Lehren Sie dieses Thema handlungsorientiert, indem Sie die Schülerinnen und Schüler selbst aktiv werden lassen. Vermeiden Sie reine Erklärungen, sondern lassen Sie die Schutzmechanismen durch Experimente erfahrbar machen. Nutzen Sie Alltagsvergleiche, z. B. den Unterschied zwischen einer Einweg-Sicherung und einem wiederverwendbaren Schalter, um das Verständnis zu vertiefen. Wiederholen Sie die Sicherheitsregeln bei jedem Experiment, um ein sicheres Arbeiten zu gewährleisten.

Am Ende der Einheit können die Schülerinnen und Schüler die Unterschiede zwischen Schmelzsicherungen, Leitungsschutzschaltern und FI-Schaltern erklären, ihre Schutzfunktionen beschreiben und im Hausmodell korrekt anwenden. Sie erkennen die Bedeutung dieser Bauteile für die Sicherheit und können einfache Fehler analysieren.

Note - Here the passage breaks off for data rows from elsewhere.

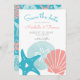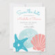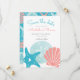 Beach theme wedding Save the Date card features sand dollar, starfish (sea star) and scallop seashells in tropical coral and aqua blue. Reverse side is a nautical shell, whale tail & swirls pattern on a turquoise background. Perfect for beach, nautical, coastal, summer, seaside and island themed weddings. Original artwork KL Stock.
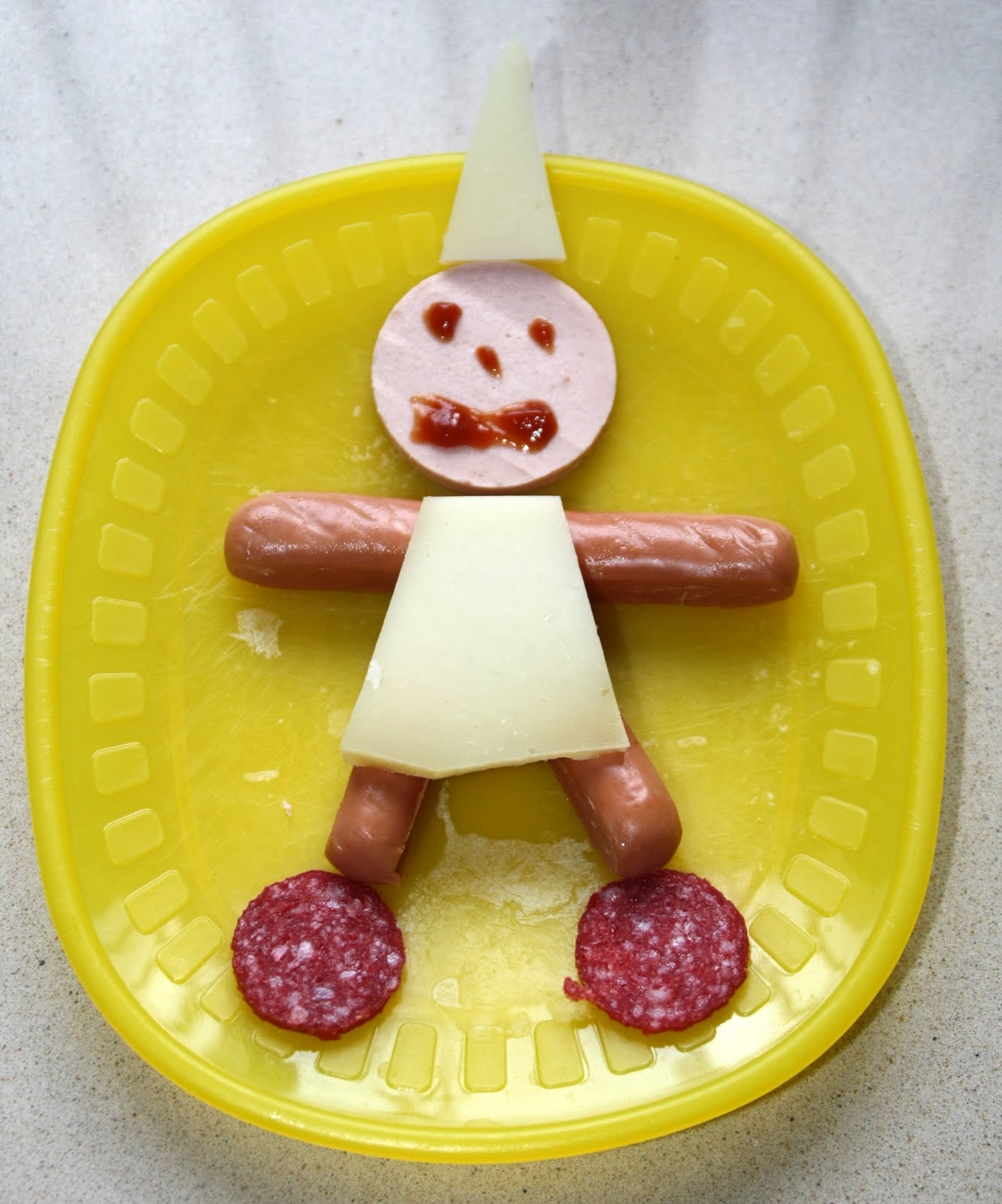 Por si alguien se anima a hacerlo, decir que, además de echarle un poco de imaginación, lo hicimos con una tortilla que cortamos con forma cuadrada. El cuerpo es un biscote de pan tostado untado con paté en la parte del pantalón y queso de untar para la camisa. La boca, la corbata y los brazos se hicieron con salami y los ojos, los dientes y las piernas con una loncha de queso.
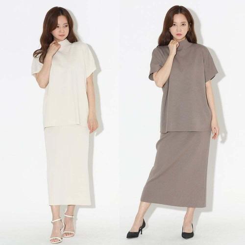 [에이치플러스몰]롱 니트 스커트 반목 여름 반팔 세트 치마
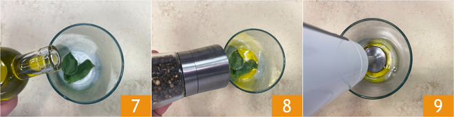 Fügen Sie Basilikumblätter, Öl 7, Salz und Pfeffer 8 hinzu und pürieren Sie alles; stellen Sie die Sauce beiseite 9.
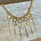 A modern nod to romance, this gold plated necklace drapes in a refined Y silhouette. Alternating oval links and petite bead stations flow along the chain, while pairs of rope-textured rings create a rosette motif with crisp detail. The finish is highly polished for a luminous look.
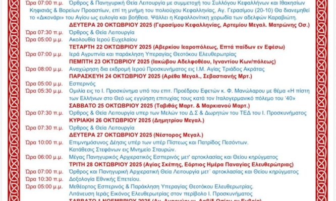 Πρόγραμμα εορταστικών εκδηλώσεων Παναγίας Ελευθερώτριας Κηφισιάς Δόγμα 21 Οκτωβρίου 2025 14:45 Screenshot Tags: ΜΗΤΡΟΠΟΛΗ ΚΗΦΙΣΙΑΣ
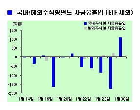 3일 자산운용협회와 굿모닝신한증권에 따르면 지난달 30일에 주식형펀드로는 1111억원의 돈이 신규 유입됐다. 하지만 1월 한달 동안은 8641억원이 빠져나갔다.
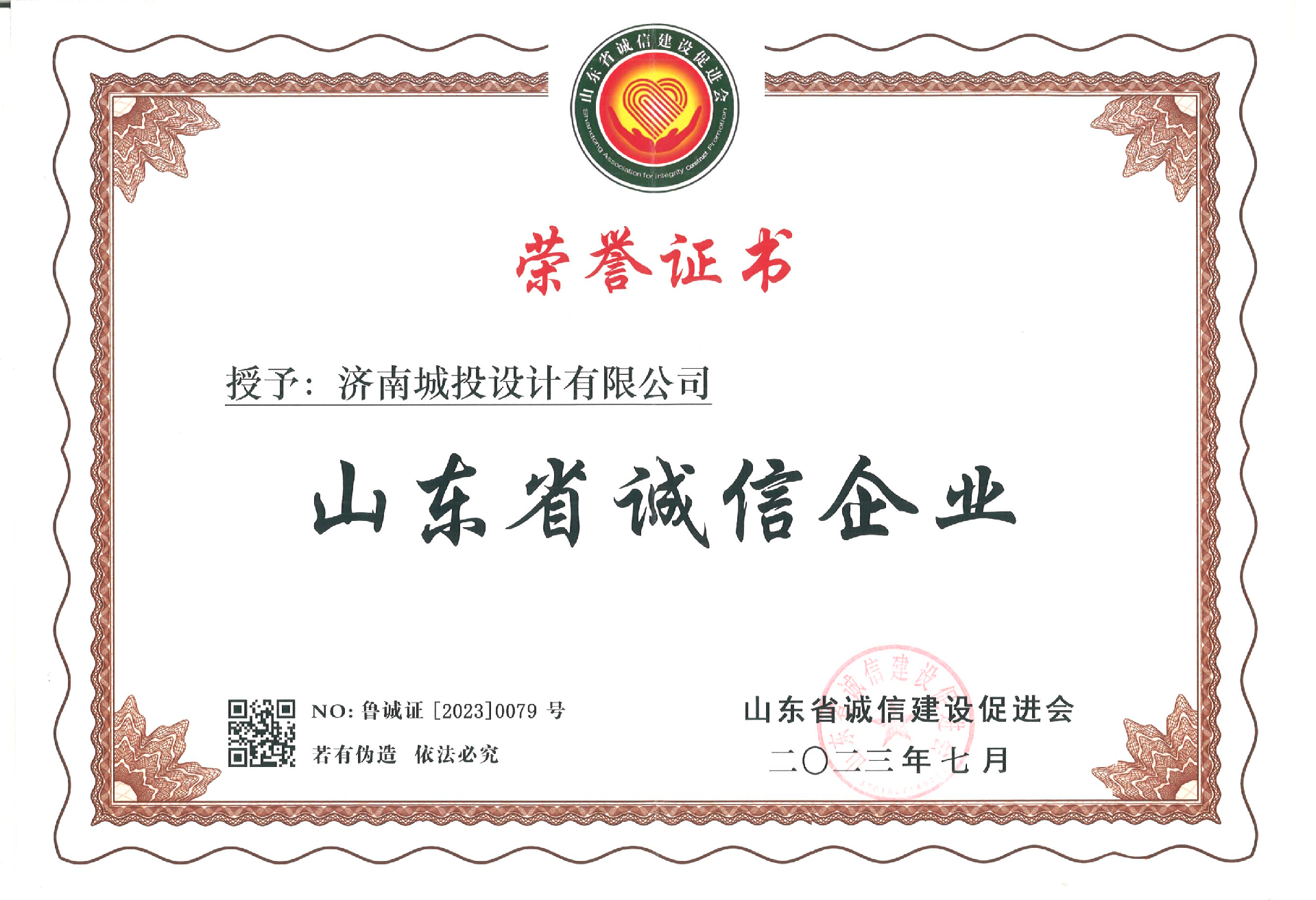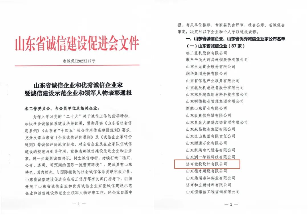 多年來(lái),濟(jì)南城投設(shè)計(jì)有限公司以“為生態(tài)更文明,讓生活更美好”為企業(yè)使命,積極踐行“知行合一,為人民服務(wù)”的企業(yè)核心價(jià)值觀……將誠(chéng)信品質(zhì)深深融入到公司的企業(yè)文化和生產(chǎn)經(jīng)營(yíng)中,塑造了良好的企業(yè)形象,樹立了良好的社會(huì)聲譽(yù)。
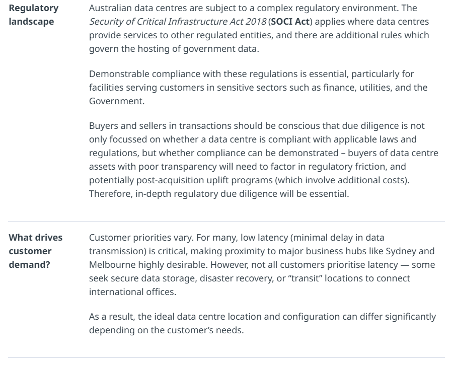 - M&A strategies need to factor in further transparency and scrutiny - Due to the elevation of data centres to a national interest, predicted supply shortages, expected industry consolidation, and reforms to Australia’s merger clearance and foreign investment review.

Vorsicht vor diesen Fehlvorstellungen

  • Während der Experimentierecke mit Modellkreisen achten Sie darauf, dass einige Schülerinnen und Schüler annehmen, Sicherungen würden nur bei Überlast auslösen. Zeigen Sie ihnen gezielt, wie der Leitungsschutzschalter magnetisch auf Kurzschlussströme reagiert, indem Sie einen Kurzschluss gezielt herbeiführen und den schnellen Auslösevorgang demonstrieren.

    Fordern Sie die Schülerinnen und Schüler auf, den Modellkreis so aufzubauen, dass sie sowohl eine Überlast als auch einen Kurzschluss simulieren. Lassen Sie sie beobachten, wie der Leitungsschutzschalter im ersten Fall thermisch und im zweiten Fall magnetisch reagiert, und halten Sie diese Beobachtungen schriftlich fest.

  • Während der FI-Simulation mit Messgeräten beobachten Sie, dass einige Schülerinnen und Schüler annehmen, der FI-Schalter löse bei jedem Stromausfall aus. Nutzen Sie die Gelegenheit, um zu zeigen, dass der FI-Schalter nur bei Differenzströmen über 30 mA reagiert.

    Lassen Sie die Schülerinnen und Schüler mit dem Messgerät zunächst einen normalen Stromausfall simulieren und dann einen Fehlerstrom erzeugen. Sie sollen die Unterschiede in den Messwerten und der Auslösezeit dokumentieren und die Ergebnisse in der Gruppe diskutieren.

  • Während des Austausch-Experiments mit Schmelzsicherungen denken einige Schülerinnen und Schüler, diese seien wiederverwendbar wie ein Leitungsschutzschalter. Zeigen Sie ihnen den zerstörten Schmelzdraht und erklären Sie den Einwegcharakter.

    Lassen Sie die Schülerinnen und Schüler in Gruppen eine defekte Schmelzsicherung gegen eine neue austauschen und den Unterschied im Aufbau beschreiben. Fordern Sie sie auf, die Notwendigkeit von wiederverwendbaren Schaltern zu begründen und in ihrem Hausmodell zu integrieren.